Problem statement:
Your task is to show every line in the listing below that includes "productos".

Material shown:

------------------------

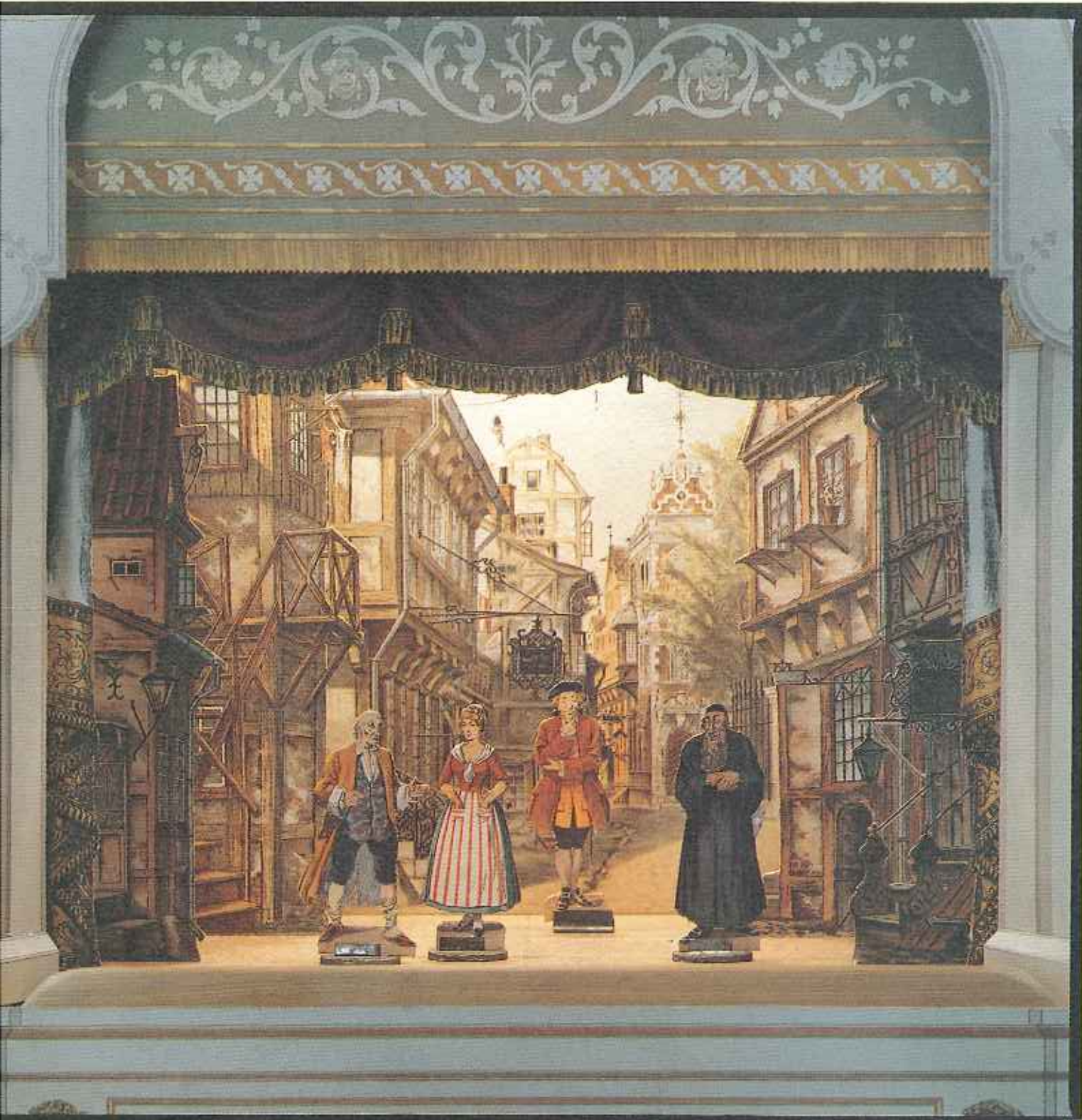
Här har vi ställt upp en gatubild från Köpenhamn. Bakgrunden och dekoren är från 1884.
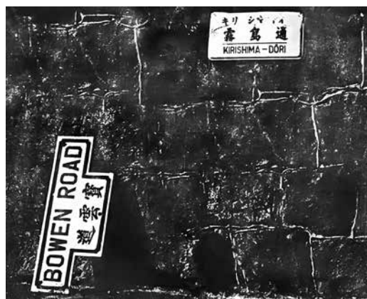
日本佔領香港後，將道路改名

區 4 個警備隊；新界地區的警備隊分駐粉嶺、安樂村、元朗洪水橋、沙頭角、金錢圍、沙田、大嶼山等地，約 800 人。日軍在香港沿海有大小機帆船百餘艘、港內戰艦及小炮艇若干艘，歸華南第二遣華艦隊司令部指揮。
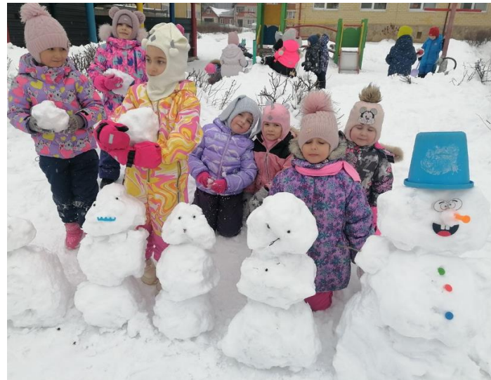
Игры и занятия на свежем воздухе
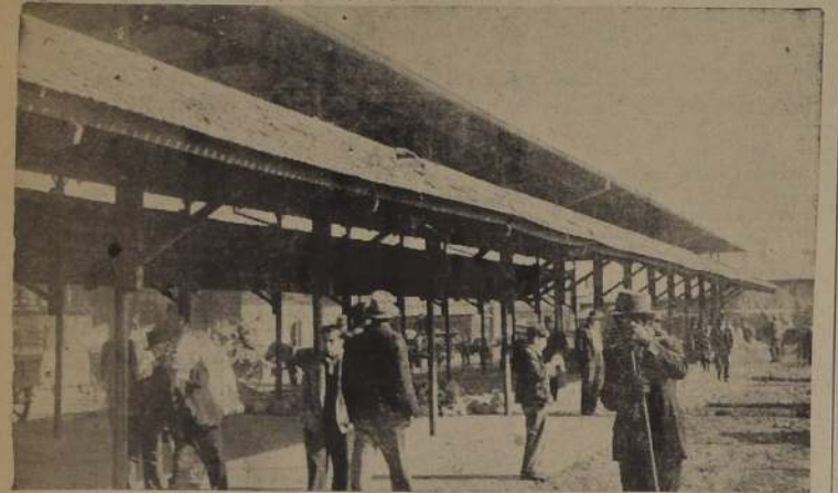
El galpón que se entregará a chacareros y donde ellos deberán expender sus productos sin intermediarios

tes, hemos adquirido a través de largos años, de pesada y tenaz labor y no se prosiga haciendo concesiones de locales o de sitios a personas que se imprevisan en este comercio. Debe respetarse el acuerdo municipal que no permite nuevas construcciones o ampliación de nuevos locales destinados al expendio de productos agrícolas.

------------------------

Response below:
El galpón que se entregará a chacareros y donde ellos deberán expender sus productos sin intermediarios
tes, hemos adquirido a través de largos años, de pesada y tenaz labor y no se prosiga haciendo concesiones de locales o de sitios a personas que se imprevisan en este comercio. Debe respetarse el acuerdo municipal que no permite nuevas construcciones o ampliación de nuevos locales destinados al expendio de productos agrícolas.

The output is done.